_Exercise instructions_
Using the records below, output the stretch that opens with the line containing "LINEN DYED AND" and closes with the line containing "de feuilles vertes", exactly and including both lines, with nothing more.

_Data for this task_
::::::::::
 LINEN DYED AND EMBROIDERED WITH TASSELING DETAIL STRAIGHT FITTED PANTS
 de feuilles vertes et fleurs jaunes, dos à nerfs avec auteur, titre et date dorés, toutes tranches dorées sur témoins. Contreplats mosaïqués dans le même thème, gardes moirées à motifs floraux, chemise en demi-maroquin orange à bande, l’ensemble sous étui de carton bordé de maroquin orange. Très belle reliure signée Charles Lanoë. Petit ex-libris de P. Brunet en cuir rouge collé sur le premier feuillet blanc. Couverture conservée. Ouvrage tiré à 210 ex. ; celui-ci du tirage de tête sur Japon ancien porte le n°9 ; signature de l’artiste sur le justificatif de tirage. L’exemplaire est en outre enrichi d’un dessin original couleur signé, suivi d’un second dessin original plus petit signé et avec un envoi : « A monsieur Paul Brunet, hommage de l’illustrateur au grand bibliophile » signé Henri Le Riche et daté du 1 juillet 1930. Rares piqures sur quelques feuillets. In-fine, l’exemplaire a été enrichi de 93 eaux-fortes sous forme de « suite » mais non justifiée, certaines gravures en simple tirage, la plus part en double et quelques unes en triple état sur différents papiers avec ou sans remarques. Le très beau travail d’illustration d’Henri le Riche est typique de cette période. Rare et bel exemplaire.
::::::::::
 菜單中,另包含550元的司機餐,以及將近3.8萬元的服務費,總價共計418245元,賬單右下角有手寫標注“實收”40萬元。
::::::::::
_Problem solution_
 LINEN DYED AND EMBROIDERED WITH TASSELING DETAIL STRAIGHT FITTED PANTS
 de feuilles vertes et fleurs jaunes, dos à nerfs avec auteur, titre et date dorés, toutes tranches dorées sur témoins. Contreplats mosaïqués dans le même thème, gardes moirées à motifs floraux, chemise en demi-maroquin orange à bande, l’ensemble sous étui de carton bordé de maroquin orange. Très belle reliure signée Charles Lanoë. Petit ex-libris de P. Brunet en cuir rouge collé sur le premier feuillet blanc. Couverture conservée. Ouvrage tiré à 210 ex. ; celui-ci du tirage de tête sur Japon ancien porte le n°9 ; signature de l’artiste sur le justificatif de tirage. L’exemplaire est en outre enrichi d’un dessin original couleur signé, suivi d’un second dessin original plus petit signé et avec un envoi : « A monsieur Paul Brunet, hommage de l’illustrateur au grand bibliophile » signé Henri Le Riche et daté du 1 juillet 1930. Rares piqures sur quelques feuillets. In-fine, l’exemplaire a été enrichi de 93 eaux-fortes sous forme de « suite » mais non justifiée, certaines gravures en simple tirage, la plus part en double et quelques unes en triple état sur différents papiers avec ou sans remarques. Le très beau travail d’illustration d’Henri le Riche est typique de cette période. Rare et bel exemplaire.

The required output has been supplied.